Derek Jeter Discusses Project Wolverine Plan For Miami Marlins



Miami Marlins CEO and part-owner Derek Jeter has taking a beating publicly since taking over the team as fans have slammed the new regime for their cost-shedding moves.

However, Jeter sees the franchise becoming profitable as soon as this season, according to documents obtained by the Miami Herald.

Project Wolverine, a nod to Jeter’s native Michigan, is Jeter’s attempt to prove to potential investors that the franchise will turn a profit immediately.


Decreased payroll coupled with increased revenue from ticket sales, corporate sponsorships and a revamped local TV deal, as well as a one-time payout of $50 million that each MLB franchise will receive this season, will carry the moribund franchise to profitability, according to the Miami Herald’s report.

The Marlins have shed $36 million from their 2018 payroll in the 1st phase of Project Wolverine.

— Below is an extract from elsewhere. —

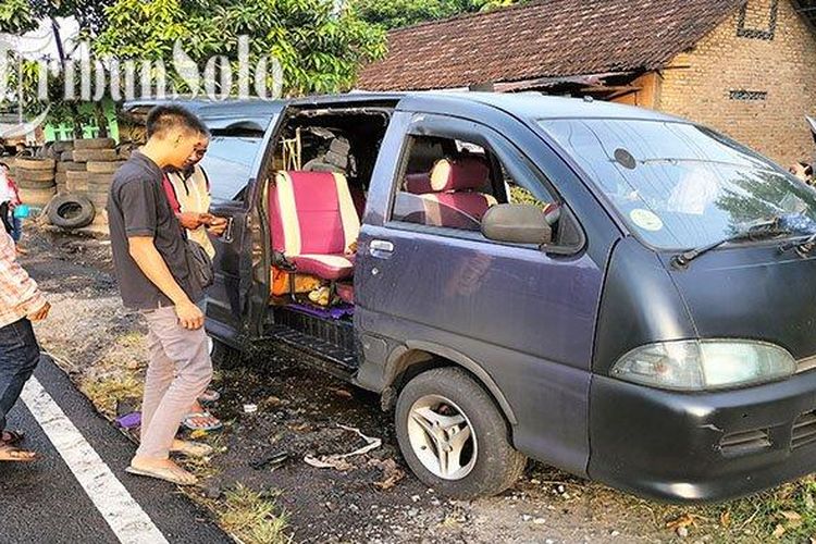 Daihatsu Espass disambar api hampir seluruh bodinya saat sedang mengisi angin. Berawal cabut selang bensin

“I can’t sit here and say trust me,” Jeter told Marlins fans during a heated and emotional town hall meeting back in December.

“You don’t know me. You earn trust over time. I know how organizations are sustainable over time. I know you have been through a lot. I can’t relate to it. It’s going to be a tough road. It’s going to take time and effort.”

The Herald outlines a number of hurdles that may stand in the way of Jeter’s lofty goals.

“We are going to invest in building this organization the right way so we can, year in and year out, be able to compete,” Jeter said back in December.

“We are trying to fix something that is broken.”